Thursday, October 26, 2017

Resetting MIL; MIL in China #globalmilweek

The second plenary session at the Global Media and Information Literacy Week conference was on Resetting MIL in the present information and media landscape. I was liveblogging, but the wifi connection went down, so this posting has been delayed, sorry.
Zhang Kai (Media Education Research Center, Communication University of China) talked about Research on MIL in China. She mentioned that there is an increasing interest in MIL in China. They carried out field research and mapped the position against the UNESCO MIL Assessment framework,and then reflect on how it suited the Chinese cultural context. They carried out their research in various provinces, and focused of specific schools, at primary and middle school level, plus a normal college. There was a questionnaire for just over 2000 students and parents. There were questions about media usage showing e.g. the dominance of mobile phones (83% using it to access the internet), over 90% used the internet at home. There were questions to identify MIL capabilities, and the researchers found there were differences at school level (actual primary level came out best) and between areas of the country (parents' awareness of what children were doing on media also varied by region: those from the East were less aware). 5% of parents felt digital media is detrimental, 56% said "it depends". Teachers were also unsure about what they were going to do in teaching about digital media, and again there were regional differences in what was taught and how (and about half students found media literacy courses unappealing). MIL educational practice was identified as "lacking sustainability" (relying on the interest of those managing the school). MIL lacked support from government, but also from the grass roots level.

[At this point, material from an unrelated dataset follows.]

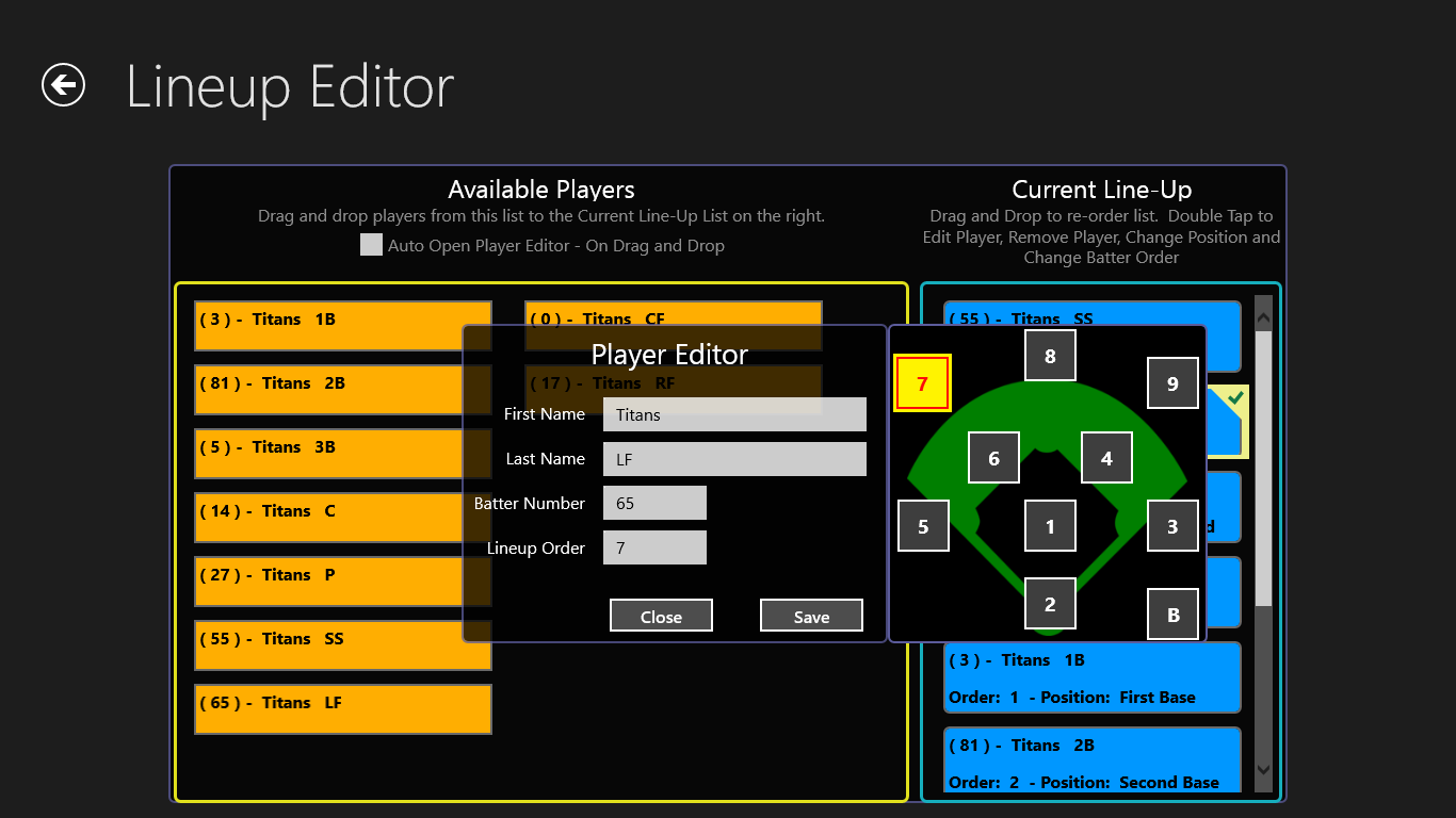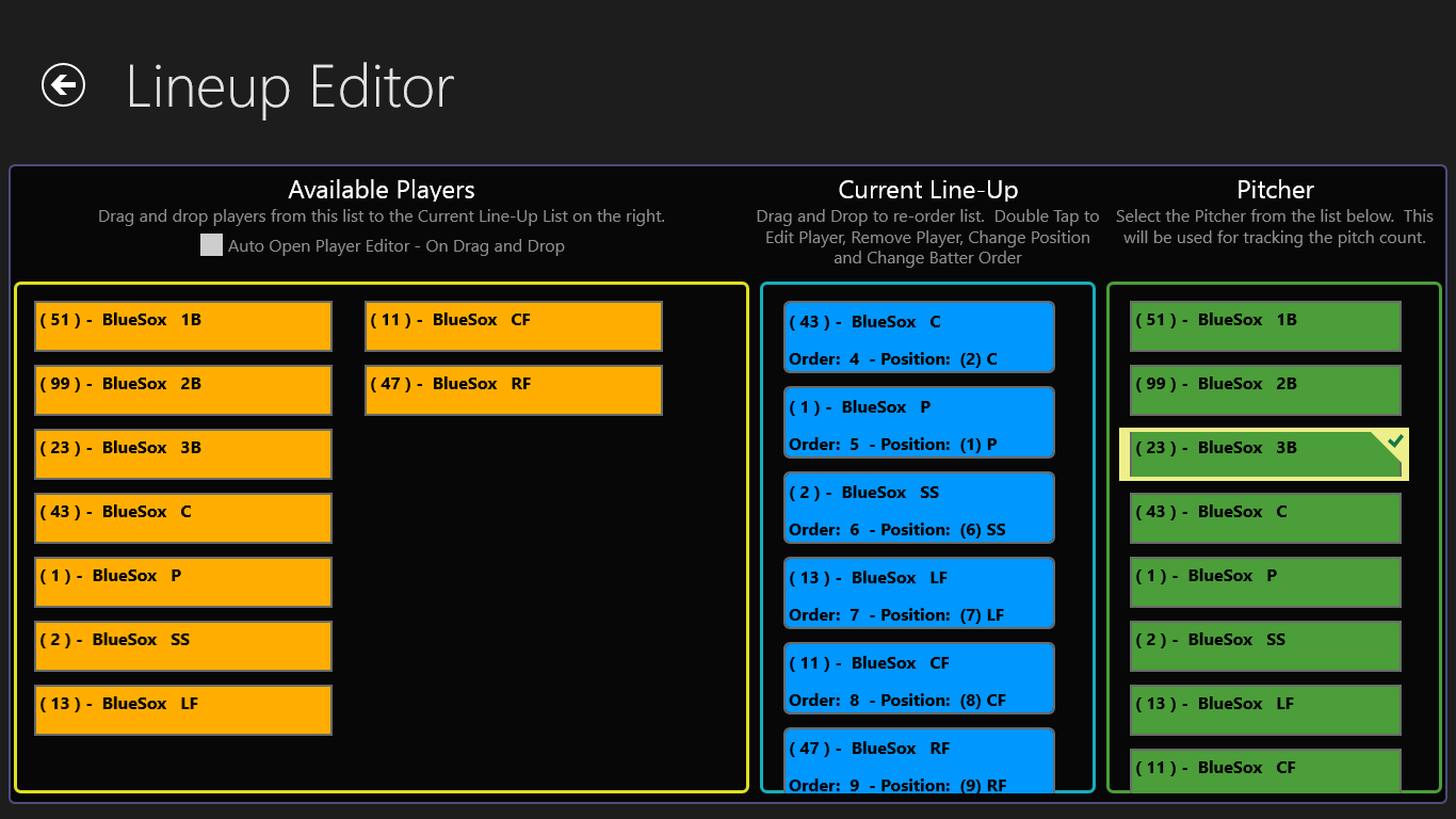 Copy Lineup – Enables a user to easily copy a lineup over again. This is used when a team bats through the lineup. In the past this was done through the Lineup Editor, but had to be added/removed one by one. Now, this is done with one click and will copy the entire lineup.

They had looked at Country's MIL readiness (relating this to the UNESCO indicators): access and use was very favourable, MIL policy favourable, but MIL education and MIL supply less favourable.

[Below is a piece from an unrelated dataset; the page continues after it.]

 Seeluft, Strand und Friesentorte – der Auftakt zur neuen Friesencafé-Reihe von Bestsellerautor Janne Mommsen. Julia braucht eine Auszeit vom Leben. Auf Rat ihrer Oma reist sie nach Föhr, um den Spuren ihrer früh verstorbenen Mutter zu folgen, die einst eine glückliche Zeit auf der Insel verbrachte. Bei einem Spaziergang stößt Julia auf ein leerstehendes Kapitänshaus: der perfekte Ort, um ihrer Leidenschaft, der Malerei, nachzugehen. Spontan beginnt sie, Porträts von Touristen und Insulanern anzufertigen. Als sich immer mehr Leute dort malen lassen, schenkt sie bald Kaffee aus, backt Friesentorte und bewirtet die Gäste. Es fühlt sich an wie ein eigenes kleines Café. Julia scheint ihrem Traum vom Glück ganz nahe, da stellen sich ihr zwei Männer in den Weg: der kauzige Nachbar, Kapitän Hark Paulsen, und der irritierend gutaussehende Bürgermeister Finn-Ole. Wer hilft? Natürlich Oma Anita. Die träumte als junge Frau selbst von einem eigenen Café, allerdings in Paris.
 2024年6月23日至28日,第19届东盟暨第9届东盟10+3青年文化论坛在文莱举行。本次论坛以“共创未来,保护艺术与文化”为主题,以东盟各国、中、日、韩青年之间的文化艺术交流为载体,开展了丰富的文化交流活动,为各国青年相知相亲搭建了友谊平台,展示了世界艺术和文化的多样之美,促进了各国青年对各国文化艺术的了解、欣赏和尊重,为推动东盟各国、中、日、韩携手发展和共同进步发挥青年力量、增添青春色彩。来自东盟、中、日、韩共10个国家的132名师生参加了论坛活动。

Renaud de la Brosse (Linnaeus University, Sweden) talked about the need to prevent hate content and propaganda in a terrorist context, specifically in Tunisia. There was the issue of how journalists could avoid the trap of having the narrative they present in the media exploited by terrorists or by political agenda of Governments. An example is how/whether statements by terrorists should be covered. This is a relationship which exists (although not sought by the media) and has to be addressed. Also, pressures to gain coverage and prominence can lead to make media coverage more sensational. The terrorists (and politicians) are also creating their own news media streams (through social networks etc.)

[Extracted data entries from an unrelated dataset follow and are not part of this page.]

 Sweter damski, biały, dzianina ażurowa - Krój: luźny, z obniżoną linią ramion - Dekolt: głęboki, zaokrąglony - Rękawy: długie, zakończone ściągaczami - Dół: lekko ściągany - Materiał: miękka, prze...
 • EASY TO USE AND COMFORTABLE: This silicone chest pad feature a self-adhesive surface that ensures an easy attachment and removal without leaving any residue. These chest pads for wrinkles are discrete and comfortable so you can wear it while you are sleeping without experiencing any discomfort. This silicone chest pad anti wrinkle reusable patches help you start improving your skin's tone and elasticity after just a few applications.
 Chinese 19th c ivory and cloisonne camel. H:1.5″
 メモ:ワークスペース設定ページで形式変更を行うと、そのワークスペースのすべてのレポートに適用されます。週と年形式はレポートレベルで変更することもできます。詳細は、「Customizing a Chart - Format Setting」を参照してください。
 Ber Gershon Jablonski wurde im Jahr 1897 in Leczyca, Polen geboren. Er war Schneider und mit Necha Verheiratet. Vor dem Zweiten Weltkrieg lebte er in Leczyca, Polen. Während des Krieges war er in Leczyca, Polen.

Brosse felt that media /journalists must act responsably and self-critically in presenting the story of terrorist acts. In the Tunisian revolution context, there were numerous prolems in how events and people were represented, breaches of confidentiality, hate messages etc. Brosse linked the way in which media represented the terrorist acts with success in the development of Tunisian democracy (i.e. poor unprofessional representation could harm the development). A bloggers movement was highlighted as a positive development, it focused on checking and countering false information.